TASK STATEMENT: Leave the pictures out, and transcribe the material below exactly from the line with "This paper reconstructs" to the line with "返回艙從內蒙古草原沿公路運往北京(2)孫陽 攝", both lines included.

SOURCE MATERIAL:
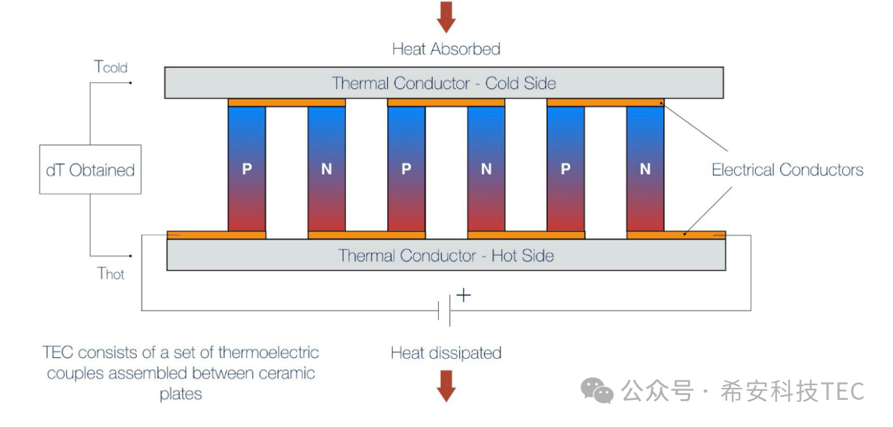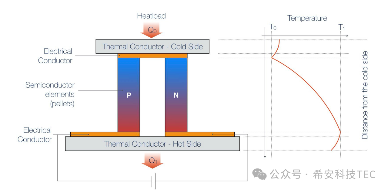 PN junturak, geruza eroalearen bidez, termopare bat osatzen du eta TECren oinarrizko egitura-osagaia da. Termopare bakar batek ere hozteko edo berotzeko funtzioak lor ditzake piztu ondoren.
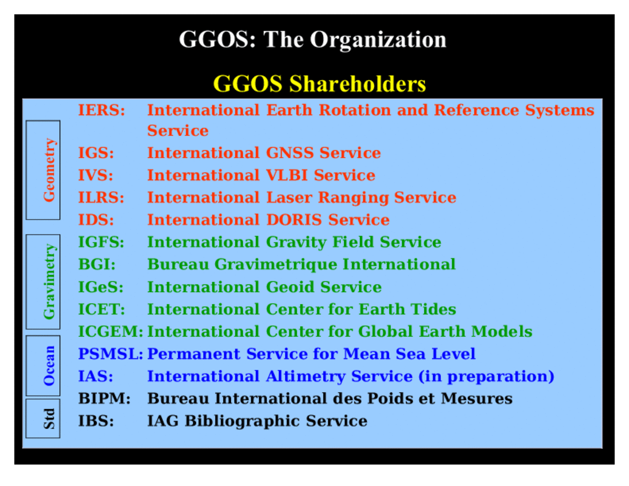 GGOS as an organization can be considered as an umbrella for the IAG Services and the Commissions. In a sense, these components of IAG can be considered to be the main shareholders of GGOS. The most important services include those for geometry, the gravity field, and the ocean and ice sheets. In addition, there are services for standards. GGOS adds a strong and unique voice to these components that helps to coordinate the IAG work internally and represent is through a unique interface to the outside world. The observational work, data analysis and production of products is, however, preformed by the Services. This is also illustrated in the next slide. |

...

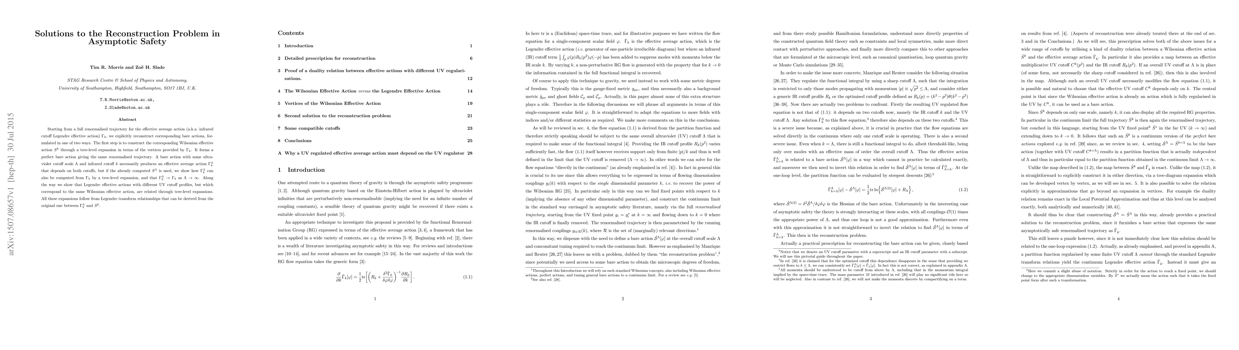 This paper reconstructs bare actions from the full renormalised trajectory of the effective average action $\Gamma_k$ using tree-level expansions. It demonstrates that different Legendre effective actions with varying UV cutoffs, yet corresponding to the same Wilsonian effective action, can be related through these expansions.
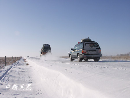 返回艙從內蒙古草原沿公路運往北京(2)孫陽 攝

ANSWER SECTION:
 This paper reconstructs bare actions from the full renormalised trajectory of the effective average action $\Gamma_k$ using tree-level expansions. It demonstrates that different Legendre effective actions with varying UV cutoffs, yet corresponding to the same Wilsonian effective action, can be related through these expansions.
 返回艙從內蒙古草原沿公路運往北京(2)孫陽 攝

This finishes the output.